Efficiency of drug delivery:
The efficiency of iontophoretic drug delivery can be referred as the fraction of all ions which cross over the skin of drug ion molecules which crossover the skin membrane for each mole of electron flowing through the external circuit. The efficiency of drug delivery estimated from the slope of the plot of drug delivery rate vs. applied current (I)
R = Ro+Fi.I
Ro = Positive drug delivery using iontophoresis
Fi = iontophoretic constant
Iontophoretic constant is referred as the amount of drug (on the basis of weight) delivered per unit time per unit current.
Synergistic effect of drug delivery:
The enhancement of drug molecules through the skin membrane is higher with a combination of chemical enhancers and iontophoresis, when compared to single technique is used.
Polarity:
The drug compounds having hydrophilic character is ideal for the optimum flux example nalbupline and its ester showed enhanced flux when compared to liphophilicity of drug molecule.16
Resistance of skin site:
The resistance of the skin in the iontophoretic process was much lower on the sweat pores, especially when they discharge in sweat.15
Regional blood flow:
During iontophoresis, the dermal blood supply determines the systemic and underlying tissue solute absorption. Blood supply however, does not appear to affect the drug penetration fluxes through the epidermis during the iontophoresis.
Patient anatomical factors:
Patient anatomical factors also modify the drug penetration rate. This will be variable from patient to patient include thickness of skin, site of application, presence of subcutaneous adipose tissue, and size of other structures including skeletal muscle.14
Species variation:
While the penetration of drug, the wide variations is there in physical characteristics such as appendages per unit area, thickness and structural changes between human and laboratory animals. The average penetration of drugs in order to rabbit>rat>guinea pig>human. Permeability of human skin is very much less than other rodents but the iontophoresis of drug is 7-fold grater in human skin contain the greater negative charge or greater area fraction of negative pores.15
Applications of Iontophoresis Treatment:
Clinical application: In clinical therapy, iontophoresis delivery system are used particularly for the treatment of inflammatory conditions in area of skin, muscles, tendons and joints like temporomandibular joint dysfunctions. Currently, iontophoresis has been used widely in combination with laser Doppler technology as a diagnostic purpose in disease compromising the vascular bed.
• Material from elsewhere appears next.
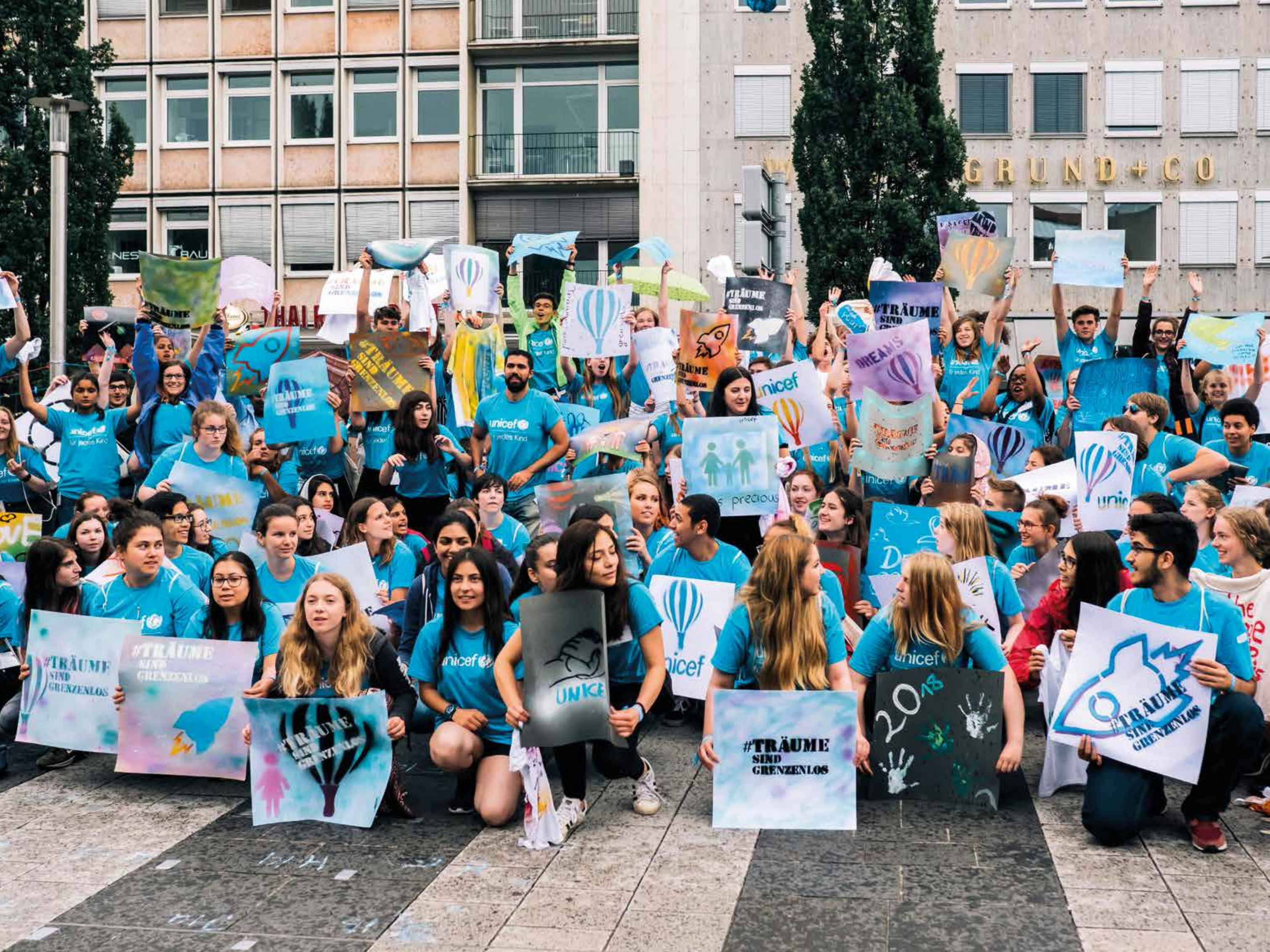
Beim UNICEF-Youth Festival treffen sich engagierte Jugendliche aus ganz Deutschland

However until now the combined effect of LDPM (Laser Doppler Perfusion Monitoring) with iontophoresis has been used mostly in a diagnostic device for diseases affecting macro-and microcirculation and the controlling regulatory nerves.
Biomedical application:
Iontophoresis has wide applications in various areas such as Dermatology, Ophthalmology, and ENT, Allergic conditions even in the case of Cardiac and Neurological conditions.
Dermatology:
- In hyperhidrosis, especially palmar and plantar-probably by obstructing the sweat ducts. No side effects when compared to anti-cholinergic.
- In the diagnosis of cystic fibrosis to increase sweating by pilocarpine and confirm the diagnosis by the concentration of sodium and chloride in the sweat
- In scleroderma, for iontophoretic delivery of hyaluronidase.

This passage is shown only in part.